Он искренне просил извинить его за жестокость реальности. И по-прежнему взгромождал вину на себя. Маша ему возразила:

— Вы доверились… Не мне, а своему отношению к маме и к нашей семье, а я вас… Хотя это неоспоримо: мужа убил Парамошин! Такова истина, а остальное — муторность, казуистика. Жаль, что они сильнее, чем правда. Мне ведь тоже грозило бы наказание… за лжесвидетельство. Душой и мама стоически на стороне истины, но разумом вынуждена бывает подчиняться той казуистике. И она убедила меня… что убийца, увы, неподсуден.

— Это она?! А Полине-то Васильевне в ее положении к чему было знать об этом?

— Если бы я не поделилась, не посоветовалась, она бы потряслась. А потрясаться ей… По ее мнению, мать должна помогать дочери в любых ситуациях и до конца. А чтобы помогать, утверждает она, надо знать все.

— Полина Васильевна меня понимает? — воспрял Митя.

— Неужели бы вас уволили… освободили? Последнее слово прозвучало корректнее.

— Освободили бы себя от меня. Так будет точнее. У меня больная сестра — и я часто отсутствую по этой причине. Да еще и бываю строптив: «псих ненормальный». Высказываю какие-то свои точки зрения. А зачем им мои, если у них есть свои? Так что Полина Васильевна дважды меня спасла. Тогда, давно… и сейчас.

— Через три дня буду ее забирать. Давайте поедем вместе.

— Давайте. С удовольствием… Хочу отблагодарить!

— И она будет рада. — Маша упрямо вернулась к своим неотвязным мыслям: — Но ведь Парамошин… убил.
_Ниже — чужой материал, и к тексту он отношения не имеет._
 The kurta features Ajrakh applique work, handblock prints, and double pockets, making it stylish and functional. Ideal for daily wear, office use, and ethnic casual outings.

— Я бы сказал, что добил. Его можно привлечь за «доведение до самоубийства». Есть такой пункт обвинения. Но надо будет представить последнее письмо Алексея Борисовича, обнажить правду, которую вы просили не обнажать. Она, я согласен, должна принадлежать, только вам… Я не приобщу это письмо к делу. Возвращаю его вам. — Он протянул Маше письмо-завещание. — Нарушаю закон. Что поделаешь? Вопреки тому, что вам говорил, я и сам иногда предпочитаю официальным предписаниям предписания нравственные. Зачем оскорблять память Алексея Борисовича новыми домыслами? Комиссия по расследованию парамошинского доноса после какого-то начальственного звонка вмиг прекратила свои копания. А мы их реанимируем? Парамошин не из тех, что сдаются. Он станет приводить свои доказательства. — Митя будто согласовал эти слова с Полиной Васильевной, у которой все же учился.
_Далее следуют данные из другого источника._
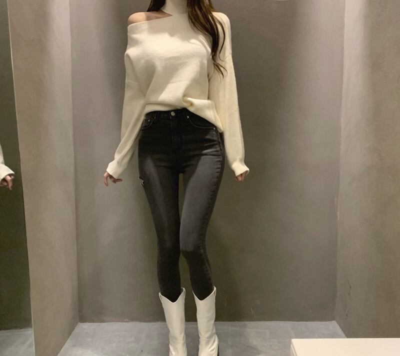 アシンメトリーデザインと程よい肩の肌見せが目を引くデザインニットプルオーバー。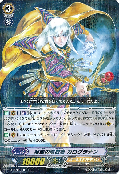 【自】【(V)】:[【カウンターブラスト】(1)]このユニットのドライブチェックでグレード3の《ゴールドパラディン》がでた時、コストを払ってよい。払ったら、あなたの山札の上から1枚見て、《ゴールドパラディン》を1枚まで探し、ユニットのいない(R)にコールし、残りのカードを山札の下に置く。【自】【(V)】:このユニットがヴァンガードにアタックした時、そのバトル中、このユニットのパワー+3000。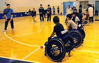11月4日(土曜日)は保健医療学部の学生で構成するサークル「障☆スポSC」が主体となり障がい者スポーツを地域の方と楽しみました。競技はリオパラリンピックで注目された「ボッチャ」を中心に、視覚障がい者の球技「ゴールボール」、座ったままの姿勢で行う「シッティングバレー」を紹介。子どもから年配の方まで幅広い世代の方が参加し、楽しく体験していただきました。また、生活用車いすとスポーツ競技用の車いすの乗り比べも行い、参加者に重さや操作性の違いを感じていただきました。

— Какие у него доказательства?

— Я бы не хотел говорить.

— Нет уж, скажите!

— Раз вы настаиваете…

— Настаиваю.

— Я слышал запись его последнего телефонного разговора с Шереметовым. В котором тот выражал свое отношение к вам… — Эта фраза Мите далась не просто: все, что касалось Машиных женских успехов, заставляло его явственней заикаться и нервно нащупывать шеей ворот рубашки. — К тому же комиссия, как пишется, установила, что, кроме кофе, вы с Шереметовым пили коньяк. И это тоже стало ее козырем. Плюс к парамошинской пленке… Все это после команды откуда-то с верхотуры предали забвению. Зачем же нам с вами…

— Подслушивает, записывает…

— Мерзость, конечно, — согласился Митя. — Но к чему нам-то ворошить это? Пусть лучше дело останется незавершенным, а история — нераскрытой. Мне не хочется ее раскрывать. О ней будем знать мы двое.

— Трое. Еще мама… К которой мы с вами вместе поедем.